### Data segment
________

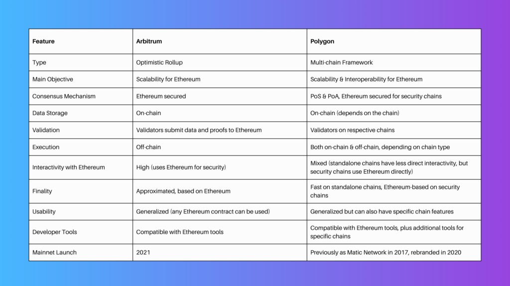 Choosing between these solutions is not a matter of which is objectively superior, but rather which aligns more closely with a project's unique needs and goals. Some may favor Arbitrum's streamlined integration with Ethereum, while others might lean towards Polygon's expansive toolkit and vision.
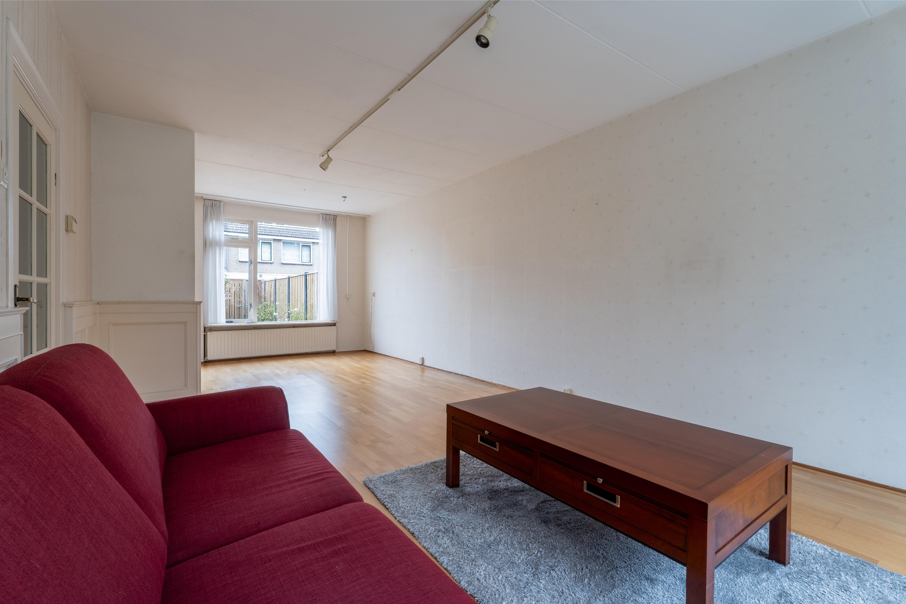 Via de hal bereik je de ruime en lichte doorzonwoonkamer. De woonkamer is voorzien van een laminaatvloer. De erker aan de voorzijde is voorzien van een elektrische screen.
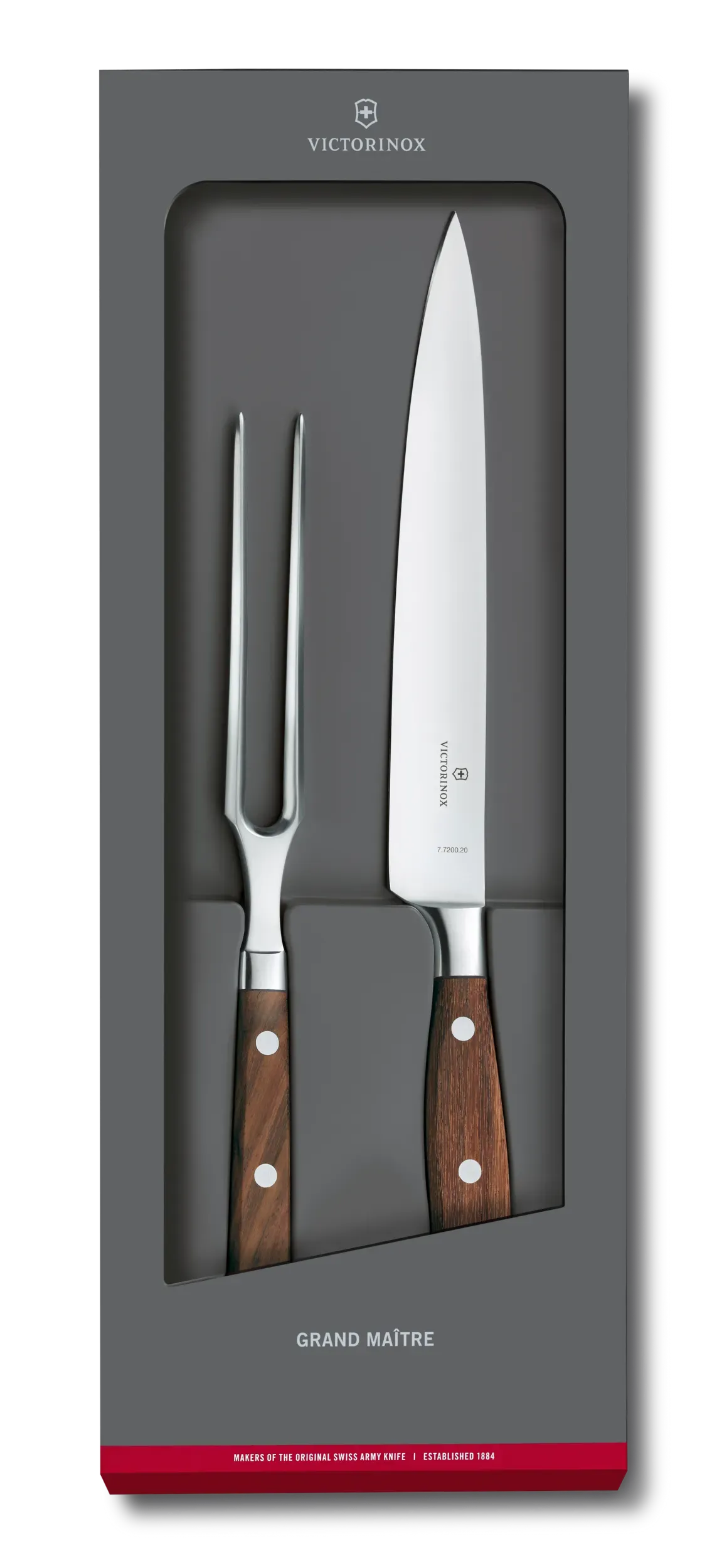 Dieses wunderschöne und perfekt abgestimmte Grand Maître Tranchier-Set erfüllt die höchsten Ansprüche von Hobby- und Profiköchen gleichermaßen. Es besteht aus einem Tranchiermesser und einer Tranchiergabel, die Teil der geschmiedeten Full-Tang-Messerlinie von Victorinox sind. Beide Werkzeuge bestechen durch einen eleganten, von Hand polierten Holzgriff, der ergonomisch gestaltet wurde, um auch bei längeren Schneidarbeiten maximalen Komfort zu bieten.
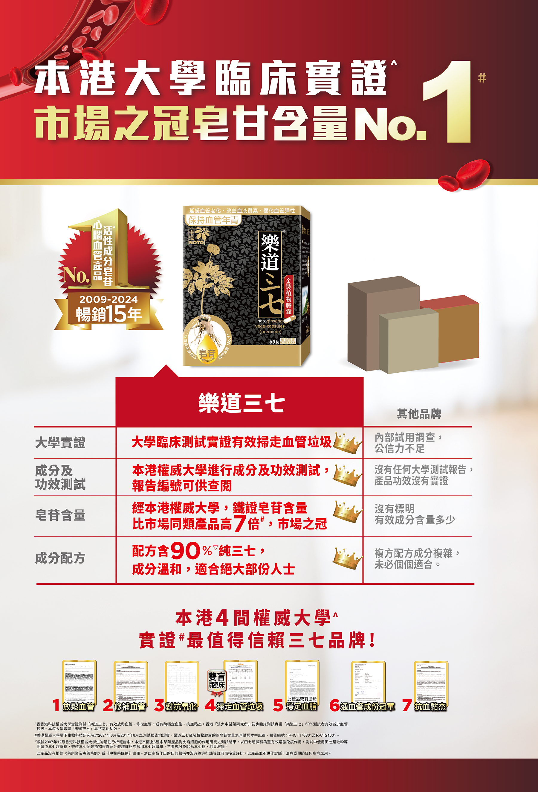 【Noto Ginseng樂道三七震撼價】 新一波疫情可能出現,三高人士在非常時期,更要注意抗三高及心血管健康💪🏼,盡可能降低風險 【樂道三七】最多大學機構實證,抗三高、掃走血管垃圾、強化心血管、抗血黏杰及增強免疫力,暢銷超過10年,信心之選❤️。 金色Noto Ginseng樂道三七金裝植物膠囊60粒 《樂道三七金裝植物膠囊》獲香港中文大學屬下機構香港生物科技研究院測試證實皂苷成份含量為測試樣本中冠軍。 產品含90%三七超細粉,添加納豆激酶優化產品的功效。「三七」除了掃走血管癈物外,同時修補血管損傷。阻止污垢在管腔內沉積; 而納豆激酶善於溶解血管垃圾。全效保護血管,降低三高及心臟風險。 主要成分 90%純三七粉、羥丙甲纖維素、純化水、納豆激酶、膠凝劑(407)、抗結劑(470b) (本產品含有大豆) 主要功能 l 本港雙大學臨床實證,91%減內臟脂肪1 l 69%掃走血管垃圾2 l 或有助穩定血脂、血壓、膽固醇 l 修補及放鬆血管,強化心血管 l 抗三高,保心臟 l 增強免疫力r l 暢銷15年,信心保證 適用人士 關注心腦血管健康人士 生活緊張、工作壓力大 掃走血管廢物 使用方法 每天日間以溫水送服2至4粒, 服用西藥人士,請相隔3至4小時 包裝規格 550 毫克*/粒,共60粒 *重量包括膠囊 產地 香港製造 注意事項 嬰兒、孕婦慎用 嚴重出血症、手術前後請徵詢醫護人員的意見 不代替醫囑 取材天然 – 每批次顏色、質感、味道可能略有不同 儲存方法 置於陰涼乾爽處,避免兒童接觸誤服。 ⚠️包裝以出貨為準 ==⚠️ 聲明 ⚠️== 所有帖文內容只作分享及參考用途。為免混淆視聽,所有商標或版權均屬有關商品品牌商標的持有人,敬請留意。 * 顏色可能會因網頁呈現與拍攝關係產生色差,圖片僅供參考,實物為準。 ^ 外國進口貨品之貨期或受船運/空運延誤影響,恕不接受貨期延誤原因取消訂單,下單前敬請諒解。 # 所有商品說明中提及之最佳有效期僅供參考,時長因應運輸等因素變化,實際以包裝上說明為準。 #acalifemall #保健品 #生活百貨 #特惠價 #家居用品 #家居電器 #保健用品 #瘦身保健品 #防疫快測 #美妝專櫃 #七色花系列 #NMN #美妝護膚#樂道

________

### Activity
Print the whole listing above exactly, and keep every picture out of the copy.

### Solved exercise
 Choosing between these solutions is not a matter of which is objectively superior, but rather which aligns more closely with a project's unique needs and goals. Some may favor Arbitrum's streamlined integration with Ethereum, while others might lean towards Polygon's expansive toolkit and vision.
 Via de hal bereik je de ruime en lichte doorzonwoonkamer. De woonkamer is voorzien van een laminaatvloer. De erker aan de voorzijde is voorzien van een elektrische screen.
 Dieses wunderschöne und perfekt abgestimmte Grand Maître Tranchier-Set erfüllt die höchsten Ansprüche von Hobby- und Profiköchen gleichermaßen. Es besteht aus einem Tranchiermesser und einer Tranchiergabel, die Teil der geschmiedeten Full-Tang-Messerlinie von Victorinox sind. Beide Werkzeuge bestechen durch einen eleganten, von Hand polierten Holzgriff, der ergonomisch gestaltet wurde, um auch bei längeren Schneidarbeiten maximalen Komfort zu bieten.
 【Noto Ginseng樂道三七震撼價】 新一波疫情可能出現,三高人士在非常時期,更要注意抗三高及心血管健康💪🏼,盡可能降低風險 【樂道三七】最多大學機構實證,抗三高、掃走血管垃圾、強化心血管、抗血黏杰及增強免疫力,暢銷超過10年,信心之選❤️。 金色Noto Ginseng樂道三七金裝植物膠囊60粒 《樂道三七金裝植物膠囊》獲香港中文大學屬下機構香港生物科技研究院測試證實皂苷成份含量為測試樣本中冠軍。 產品含90%三七超細粉,添加納豆激酶優化產品的功效。「三七」除了掃走血管癈物外,同時修補血管損傷。阻止污垢在管腔內沉積; 而納豆激酶善於溶解血管垃圾。全效保護血管,降低三高及心臟風險。 主要成分 90%純三七粉、羥丙甲纖維素、純化水、納豆激酶、膠凝劑(407)、抗結劑(470b) (本產品含有大豆) 主要功能 l 本港雙大學臨床實證,91%減內臟脂肪1 l 69%掃走血管垃圾2 l 或有助穩定血脂、血壓、膽固醇 l 修補及放鬆血管,強化心血管 l 抗三高,保心臟 l 增強免疫力r l 暢銷15年,信心保證 適用人士 關注心腦血管健康人士 生活緊張、工作壓力大 掃走血管廢物 使用方法 每天日間以溫水送服2至4粒, 服用西藥人士,請相隔3至4小時 包裝規格 550 毫克*/粒,共60粒 *重量包括膠囊 產地 香港製造 注意事項 嬰兒、孕婦慎用 嚴重出血症、手術前後請徵詢醫護人員的意見 不代替醫囑 取材天然 – 每批次顏色、質感、味道可能略有不同 儲存方法 置於陰涼乾爽處,避免兒童接觸誤服。 ⚠️包裝以出貨為準 ==⚠️ 聲明 ⚠️== 所有帖文內容只作分享及參考用途。為免混淆視聽,所有商標或版權均屬有關商品品牌商標的持有人,敬請留意。 * 顏色可能會因網頁呈現與拍攝關係產生色差,圖片僅供參考,實物為準。 ^ 外國進口貨品之貨期或受船運/空運延誤影響,恕不接受貨期延誤原因取消訂單,下單前敬請諒解。 # 所有商品說明中提及之最佳有效期僅供參考,時長因應運輸等因素變化,實際以包裝上說明為準。 #acalifemall #保健品 #生活百貨 #特惠價 #家居用品 #家居電器 #保健用品 #瘦身保健品 #防疫快測 #美妝專櫃 #七色花系列 #NMN #美妝護膚#樂道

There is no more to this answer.